# Looking for info on "Pilot" men's bicycle by Cleveland Welding Co.



## circa1939 (Oct 5, 2009)

Looking for such things as,... photos, old catalogue reprints,... etc showing the various styles of the prewar (I'd say 1936-1937) "Pilot" bikes from the cleveland welding co.

thanks all.


----------



## RMS37 (Oct 5, 2009)

Pilot is one of the badges that Cleveland Welding used on the bikes they manufactured for several years. During those years the badge was applied to most of the versions and models of the bicycles they produced as Roadmasters. If you post pictures of the bicycle (and the serial number from the frame) I could probably tell you more about the bicycle.


----------



## circa1939 (Oct 5, 2009)

RMS37 said:


> Pilot is one of the badges that Cleveland Welding used on the bikes they manufactured for several years. During those years the badge was applied to most of the versions and models of the bicycles they produced as Roadmasters. If you post pictures of the bicycle (and the serial number from the frame) I could probably tell you more about the bicycle.




Wonderful!
Thank you so much.  I'll get a few photos of the bike and the serial number for you.
Thanks again.


----------



## circa1939 (Oct 13, 2009)

Well, as for a serial number on the frame,.. I cannot seem to locate one anywhere.  Any particular place I'd see it on this fame that I may have missed?

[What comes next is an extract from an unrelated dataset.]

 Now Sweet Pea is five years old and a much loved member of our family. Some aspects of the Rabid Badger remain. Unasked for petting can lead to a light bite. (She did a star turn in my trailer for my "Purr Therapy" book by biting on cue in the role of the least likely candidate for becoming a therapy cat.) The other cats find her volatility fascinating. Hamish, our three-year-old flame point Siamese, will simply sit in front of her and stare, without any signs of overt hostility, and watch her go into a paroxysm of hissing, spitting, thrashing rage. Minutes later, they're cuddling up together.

As for photos,... here you are....
Thanks for the help in advance!


----------



## charnleybob (Oct 14, 2009)

The serial number is on the bottom of the crank housing.


----------



## RMS37 (Oct 14, 2009)

Nice looking bike! 

Your Pilot is a standard pattern pre-1937 Cleveland Welding built bicycle. That frame was offered by CWC from the beginning of production in 1935 until the end of 1936. With slight modifications it was continued until mid 1937 and then changed again with the lower top tube dropped about an inch to make room for a tank. The version you have never was offered with a tank.

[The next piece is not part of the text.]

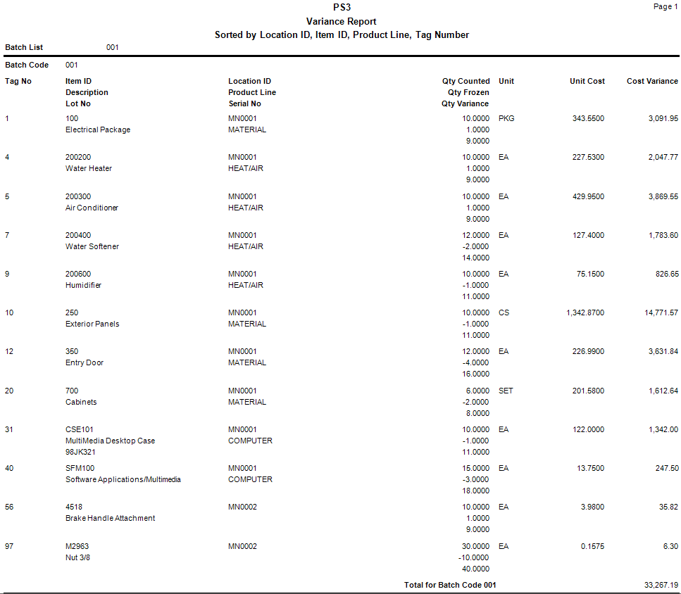 Use the Variance Report after you have entered and verified physical counts to compare the original frozen quantities to the counted quantities. Variances are expressed as quantities and are based upon your inventory valuation method.

Your Pilot looks original except for a couple of things. The saddle is period correct but it is a Girl's saddle, smaller than a Boy's model. The bike would have originally had a CWC braced rear drop stand instead of a kick stand. This may have been a period modification as the kick stand is again of about the same vintage as the bike and many people changed out drop stands in favor of side stands. Lastly it probably would have originally been equipped with coke bottle or finger grips rather than the aero grips which are a couple of years newer than the bike.

Let me know if you are able to find the serial number on the bottom of the crank hanger, They are usually fairly easy to read but on some bikes the paint is too thick to read through.

Thanks for posting the pictures, it is a nice condition bike, the parts that are not original would not be to difficult to locate if you decide you want to go that route.


----------